Below this line are records; write out exactly the lines from the one containing "Alo lyder navnet" through the one containing "494号をkuromoriに", with the pictures left out.

[Dataset entries]
########

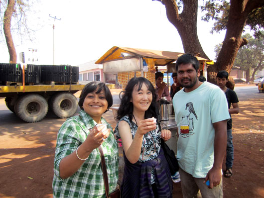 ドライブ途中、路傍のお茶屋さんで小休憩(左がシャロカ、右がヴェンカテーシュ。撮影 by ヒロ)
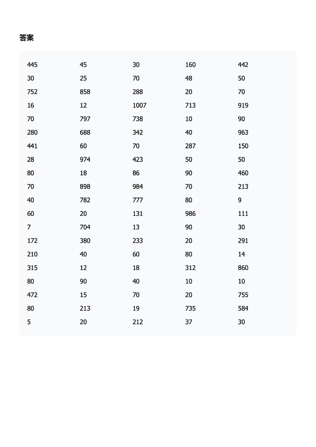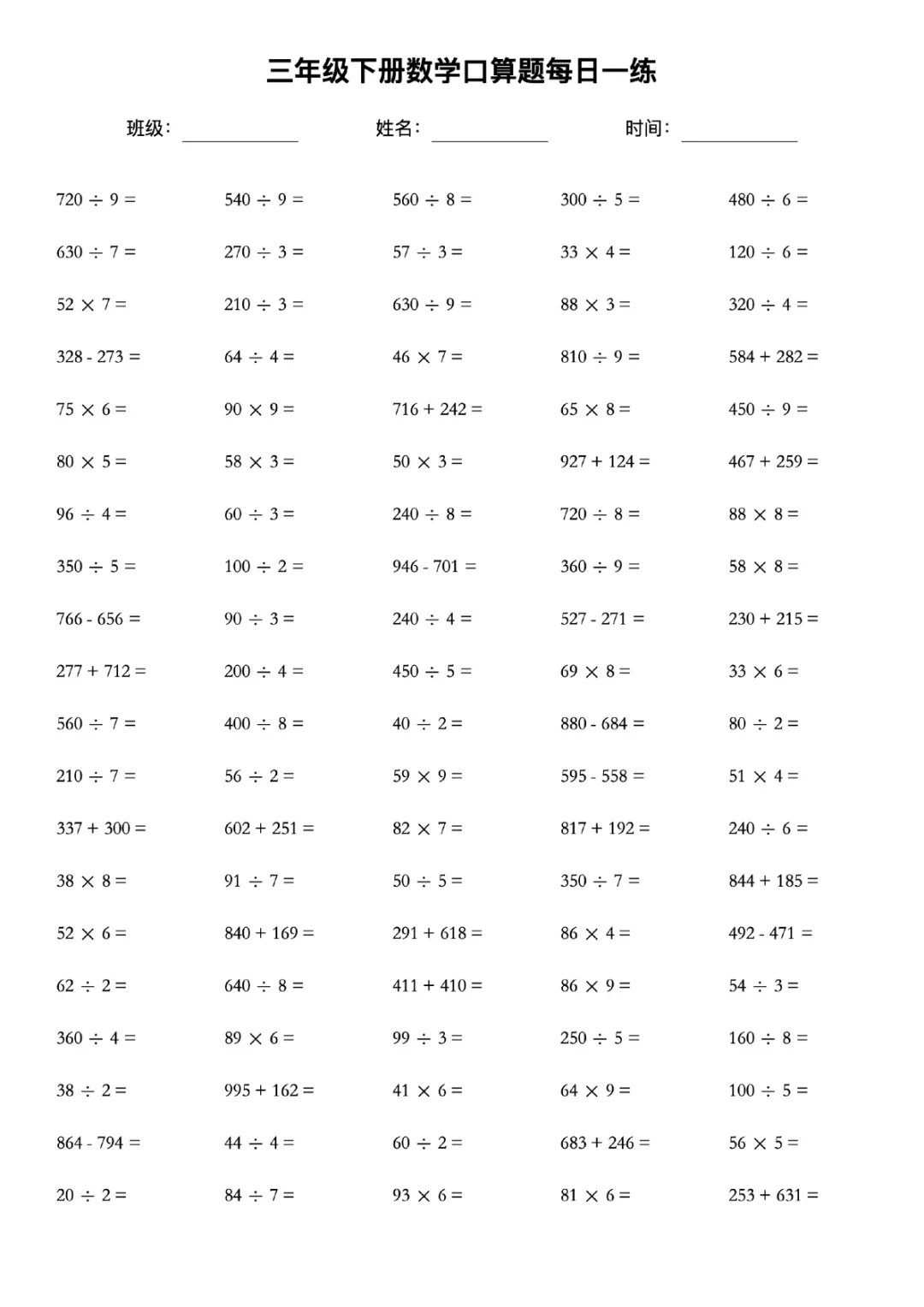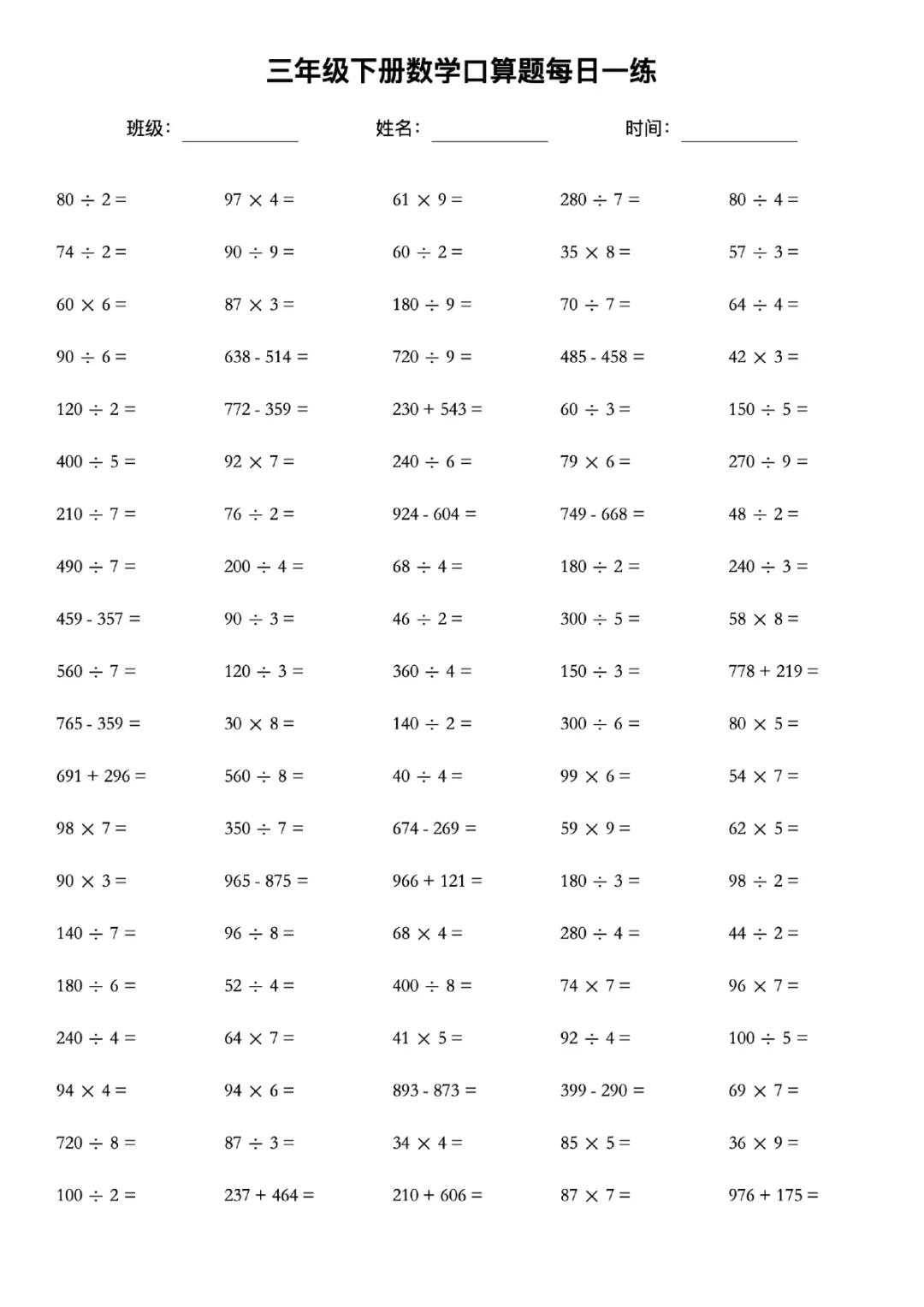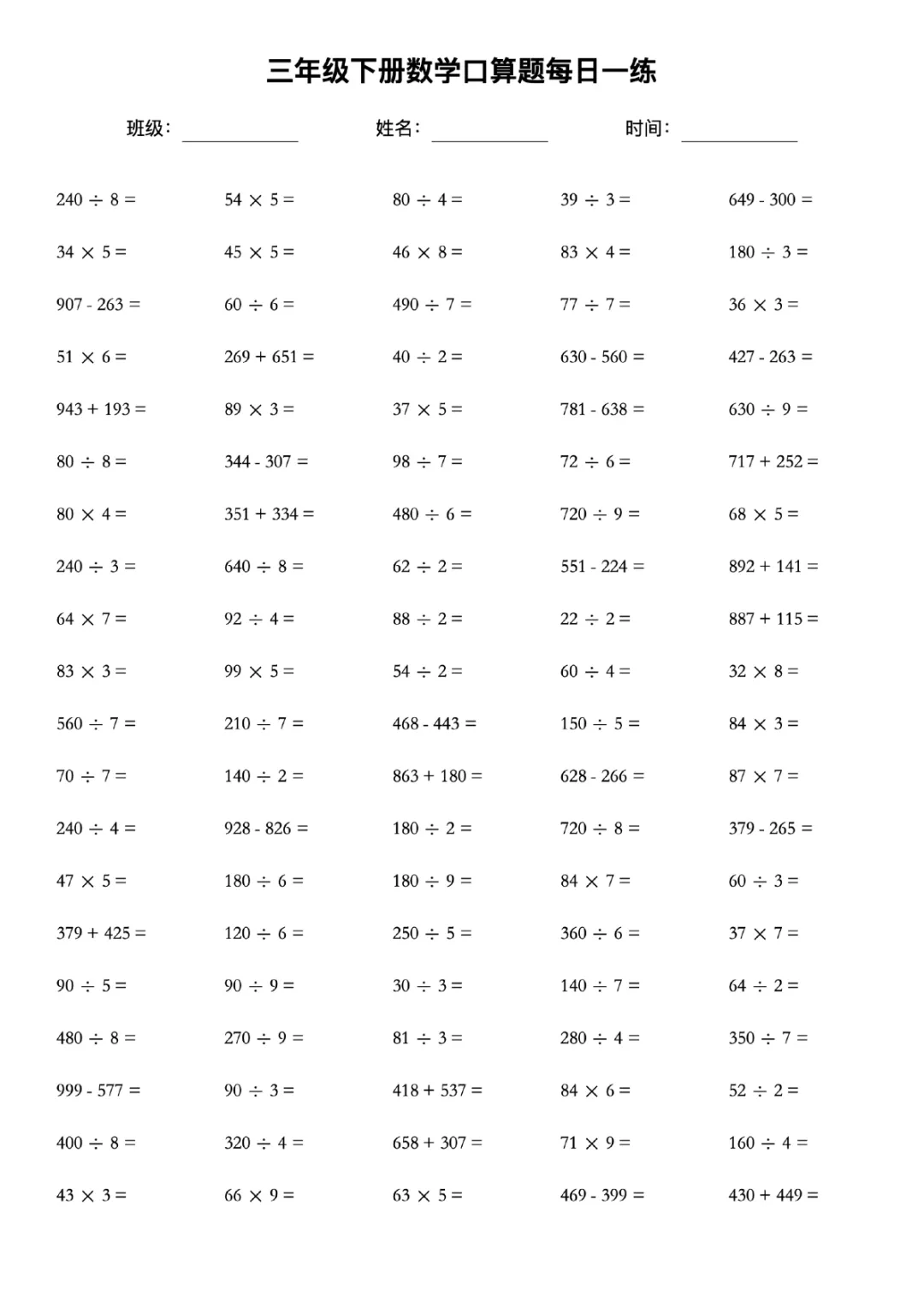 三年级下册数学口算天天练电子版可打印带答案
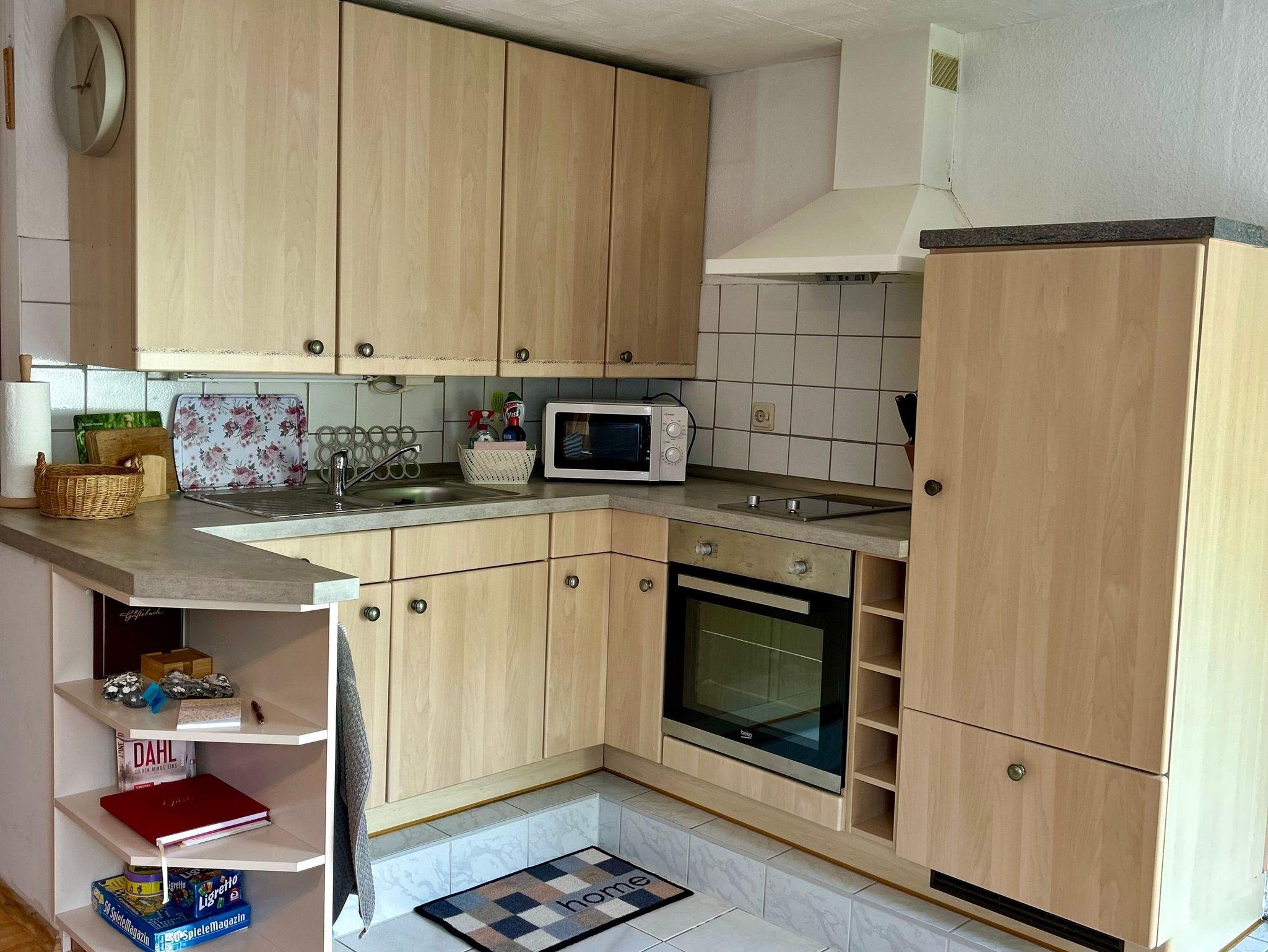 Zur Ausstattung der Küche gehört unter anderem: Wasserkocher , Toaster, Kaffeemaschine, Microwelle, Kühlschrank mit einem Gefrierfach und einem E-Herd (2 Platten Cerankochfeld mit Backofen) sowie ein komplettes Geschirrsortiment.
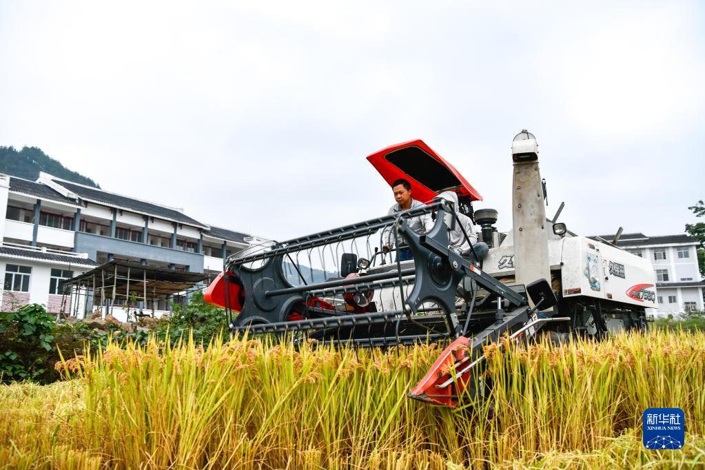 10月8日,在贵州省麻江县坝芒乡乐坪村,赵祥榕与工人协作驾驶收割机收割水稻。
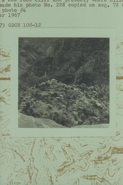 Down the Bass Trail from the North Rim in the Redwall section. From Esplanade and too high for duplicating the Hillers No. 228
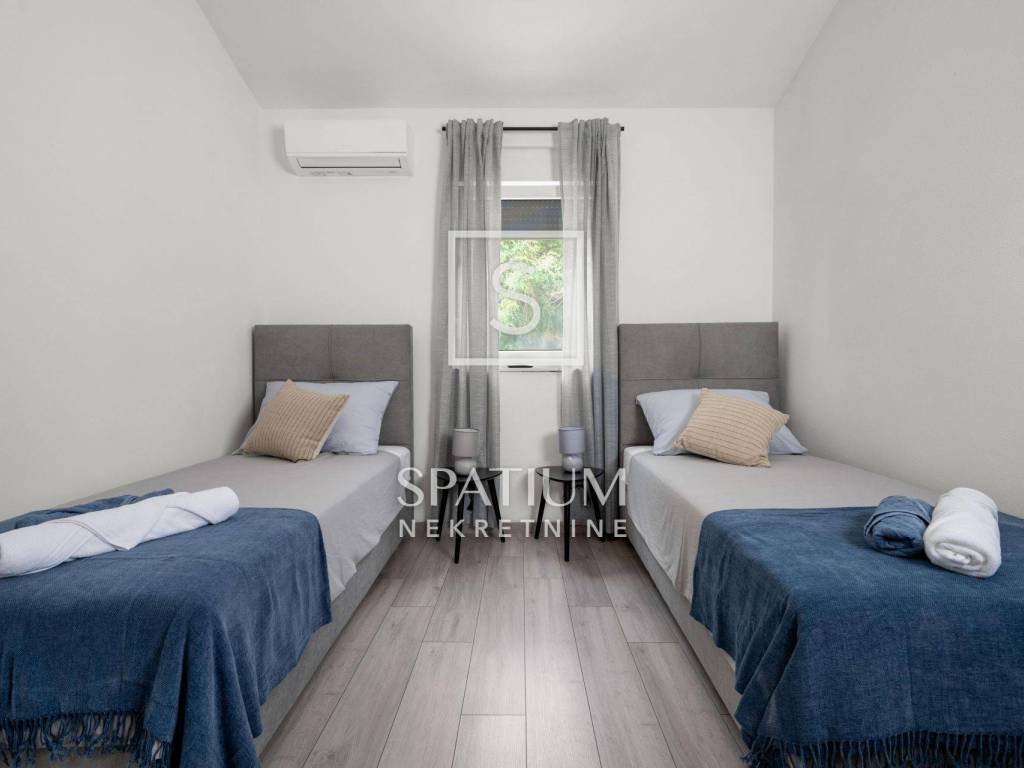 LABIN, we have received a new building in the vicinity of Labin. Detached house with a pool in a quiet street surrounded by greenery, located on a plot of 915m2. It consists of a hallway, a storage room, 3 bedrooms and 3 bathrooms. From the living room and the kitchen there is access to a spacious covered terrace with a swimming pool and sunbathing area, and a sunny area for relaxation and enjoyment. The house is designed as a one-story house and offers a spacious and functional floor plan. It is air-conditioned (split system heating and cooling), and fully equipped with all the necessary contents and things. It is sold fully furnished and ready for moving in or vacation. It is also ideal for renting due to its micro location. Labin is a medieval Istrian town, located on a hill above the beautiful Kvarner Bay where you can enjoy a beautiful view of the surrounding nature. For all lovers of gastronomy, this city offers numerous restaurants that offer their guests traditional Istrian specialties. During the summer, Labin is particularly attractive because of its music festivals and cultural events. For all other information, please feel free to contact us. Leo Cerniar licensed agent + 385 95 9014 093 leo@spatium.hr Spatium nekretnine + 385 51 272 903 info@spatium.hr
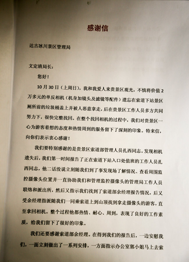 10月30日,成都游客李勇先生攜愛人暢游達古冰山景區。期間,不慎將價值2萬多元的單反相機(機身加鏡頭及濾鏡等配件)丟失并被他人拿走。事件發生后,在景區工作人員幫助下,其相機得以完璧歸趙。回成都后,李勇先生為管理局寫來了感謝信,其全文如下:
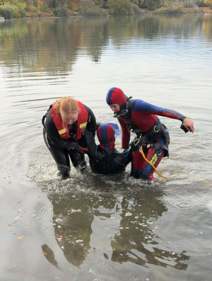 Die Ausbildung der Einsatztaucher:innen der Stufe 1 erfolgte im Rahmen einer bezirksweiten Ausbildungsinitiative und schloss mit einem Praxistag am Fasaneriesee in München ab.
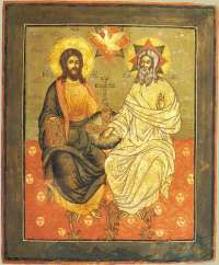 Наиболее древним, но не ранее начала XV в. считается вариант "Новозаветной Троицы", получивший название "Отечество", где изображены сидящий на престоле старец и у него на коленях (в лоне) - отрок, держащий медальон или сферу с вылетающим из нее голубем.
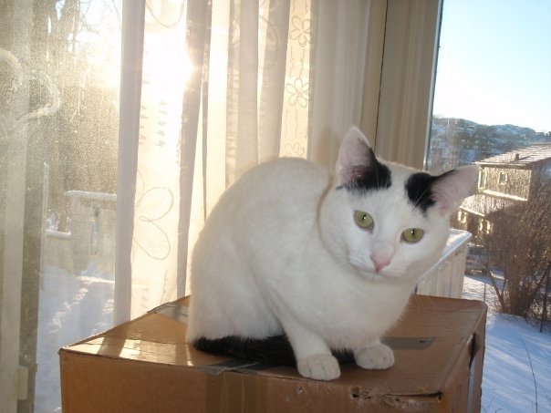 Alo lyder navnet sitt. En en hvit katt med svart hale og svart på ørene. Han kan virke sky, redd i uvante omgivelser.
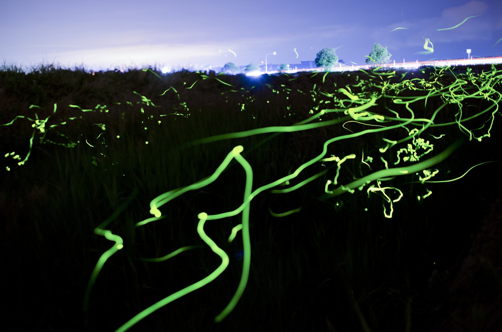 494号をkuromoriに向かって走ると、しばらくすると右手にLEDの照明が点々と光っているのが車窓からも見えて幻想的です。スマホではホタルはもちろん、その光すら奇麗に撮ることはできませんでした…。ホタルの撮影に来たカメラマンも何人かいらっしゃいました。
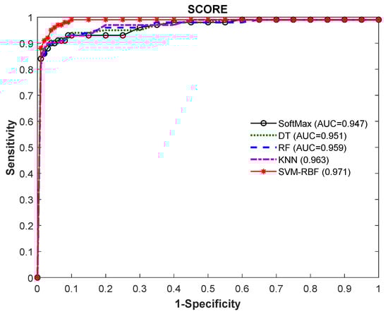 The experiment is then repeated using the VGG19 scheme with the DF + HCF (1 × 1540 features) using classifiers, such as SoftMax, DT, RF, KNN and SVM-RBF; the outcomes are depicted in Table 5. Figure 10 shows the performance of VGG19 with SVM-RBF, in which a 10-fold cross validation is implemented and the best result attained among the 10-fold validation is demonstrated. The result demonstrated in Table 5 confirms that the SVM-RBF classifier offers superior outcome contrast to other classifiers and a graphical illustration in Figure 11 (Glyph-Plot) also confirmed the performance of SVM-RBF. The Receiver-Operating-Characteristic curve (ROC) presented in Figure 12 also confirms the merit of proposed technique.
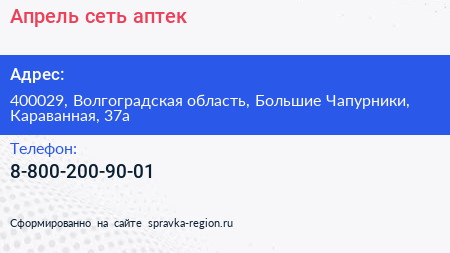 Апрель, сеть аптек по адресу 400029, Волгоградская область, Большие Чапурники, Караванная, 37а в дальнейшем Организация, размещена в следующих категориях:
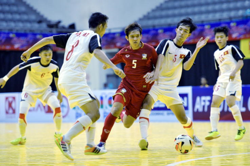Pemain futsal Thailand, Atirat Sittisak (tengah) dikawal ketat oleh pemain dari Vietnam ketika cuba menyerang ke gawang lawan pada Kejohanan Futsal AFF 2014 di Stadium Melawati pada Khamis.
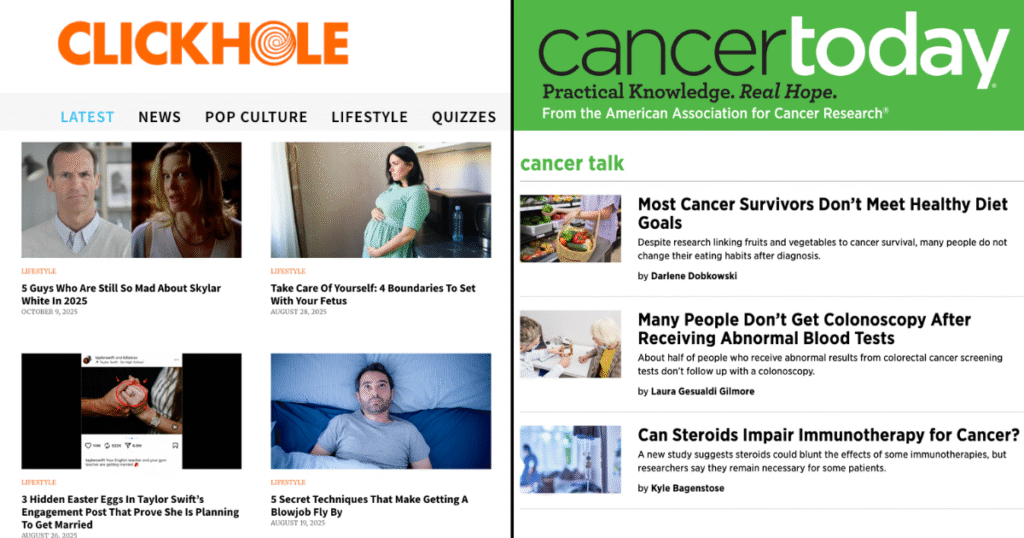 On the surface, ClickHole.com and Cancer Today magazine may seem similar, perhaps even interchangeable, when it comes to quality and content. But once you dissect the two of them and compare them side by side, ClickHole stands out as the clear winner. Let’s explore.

########

→ WRITTEN ANSWER
 Alo lyder navnet sitt. En en hvit katt med svart hale og svart på ørene. Han kan virke sky, redd i uvante omgivelser.
 494号をkuromoriに向かって走ると、しばらくすると右手にLEDの照明が点々と光っているのが車窓からも見えて幻想的です。スマホではホタルはもちろん、その光すら奇麗に撮ることはできませんでした…。ホタルの撮影に来たカメラマンも何人かいらっしゃいました。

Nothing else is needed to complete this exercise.